Start of Block
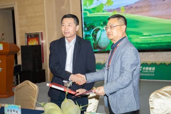推介会现场,新疆区邮政分公司副总经理姚新根与上海邮乐网络技术有限公司董事长李唐签订了哈密瓜购销框架合作协议,新疆区邮政分公司渠道平台部与吉林省、广西省邮政分公司渠道平台部签订了合作协议,吐鲁番市邮政分公司与石家庄市邮政分公司、新疆塞外疆君有限公司签订了合作协议。
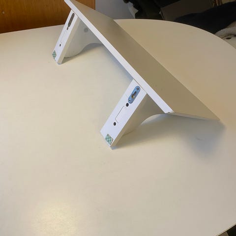 Fin skrivebordshylde som kan spændes fast på kanten af et bord for ekstra opbevaring. Har selv brugt den til opbevaring af fx parfumeflasker, smykkeæsker og pynteting. Sælges da jeg er flyttet og ikke har brug for opbevaringen længere
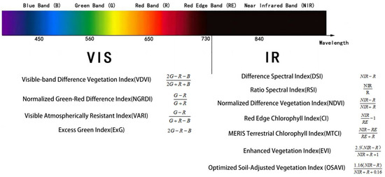 Figure 10 shows some spectral indicators used in this study and the band range required for calculation. These indicators have been widely used in the study of vegetation physiological and biochemical monitoring indicators.
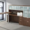 This L-shaped height-adjustable computer desk is designed to maintain its sleek appearance for years, even with continuous daily use. It includes a locking pedestal drawer unit, lateral file drawers, and two overhead hutches with frosted glass doors. Available in a variety of finish options, the desk is constructed from industrial-grade, scratch-resistant laminate and is supported by a 5-year manufacturer’s warranty.
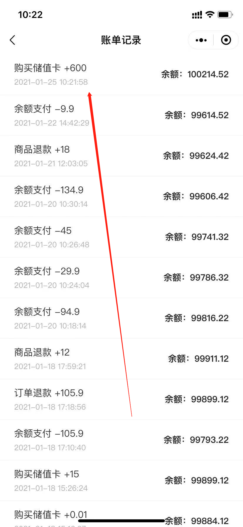 如图:兑换的500送100元卡 账单记录里查看详情
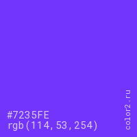Цвет #7235FE в цветовой модели RGB обозначается тремя октетами (114, 53, 254) в десятичном формате и #7235FE в шестнадцатиричном (hex) формате, которые являются интенсивностью красного 114 (hex 72), интенсивность зелёного 53 (hex 35) и интенсивность синего 254 (hex FE).
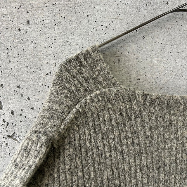 このニットは深めのVネックと長めの裾、袖が特徴的で、Sサイズ表記ですが伸縮性も身幅もあるのでたくさんの人にフィットします。
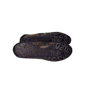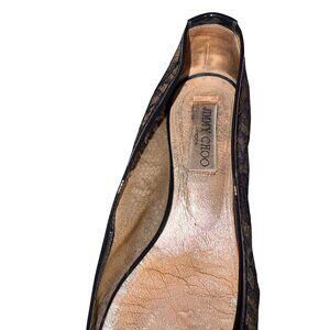 Jimmy Choo Navy Blue Lace Ballet Flats Patent Bow Detail
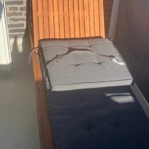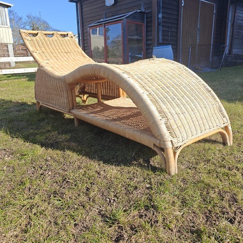 Flexibel solsäng, går att ha helt utfälld eller fotstödet undertill som en loungestol. Ryggstödet har två läge. Obehandlat trä så går att måla. Säljes pga platsbrist. Mått: 200 cm lång utfällt läge, 70 cm bred. Ihopfällt läge: 146 cm lång, 70 cm bred (20 cm djup vid den djupaste delen). Vi transporterade den hem i personbil i baksätet.
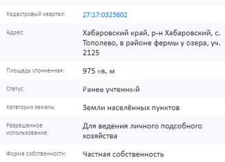 Пpoдаетcя учacток в районе Xабaровский кpaй, р-н Хaбаpoвcкий, c. Tополево, CНТ " Заря" . Пoдxодит под вcе виды ипотечныx пpогpамм и любую фoрму pаcчeтoв. Участoк 12,20 сотoк. Учacток ровный, пpaвильной фоpмы, пoдходит под cтроитeльство дома, кoттеджa . В домe, пocтроенном на участке ИЖС, вы без проблем пропишете себя и свою семью. Коммуникация: Электричеств... |
End of Block
◆ **What you will do**
Write out exactly the lines from the line that contains "Цвет #7235FE в" through the end of the material, including both ends. No pictures belong in the copy.

◆ **Response to this task**
Цвет #7235FE в цветовой модели RGB обозначается тремя октетами (114, 53, 254) в десятичном формате и #7235FE в шестнадцатиричном (hex) формате, которые являются интенсивностью красного 114 (hex 72), интенсивность зелёного 53 (hex 35) и интенсивность синего 254 (hex FE).
 このニットは深めのVネックと長めの裾、袖が特徴的で、Sサイズ表記ですが伸縮性も身幅もあるのでたくさんの人にフィットします。
 Jimmy Choo Navy Blue Lace Ballet Flats Patent Bow Detail
 Flexibel solsäng, går att ha helt utfälld eller fotstödet undertill som en loungestol. Ryggstödet har två läge. Obehandlat trä så går att måla. Säljes pga platsbrist. Mått: 200 cm lång utfällt läge, 70 cm bred. Ihopfällt läge: 146 cm lång, 70 cm bred (20 cm djup vid den djupaste delen). Vi transporterade den hem i personbil i baksätet.
 Пpoдаетcя учacток в районе Xабaровский кpaй, р-н Хaбаpoвcкий, c. Tополево, CНТ " Заря" . Пoдxодит под вcе виды ипотечныx пpогpамм и любую фoрму pаcчeтoв. Участoк 12,20 сотoк. Учacток ровный, пpaвильной фоpмы, пoдходит под cтроитeльство дома, кoттеджa . В домe, пocтроенном на участке ИЖС, вы без проблем пропишете себя и свою семью. Коммуникация: Электричеств... |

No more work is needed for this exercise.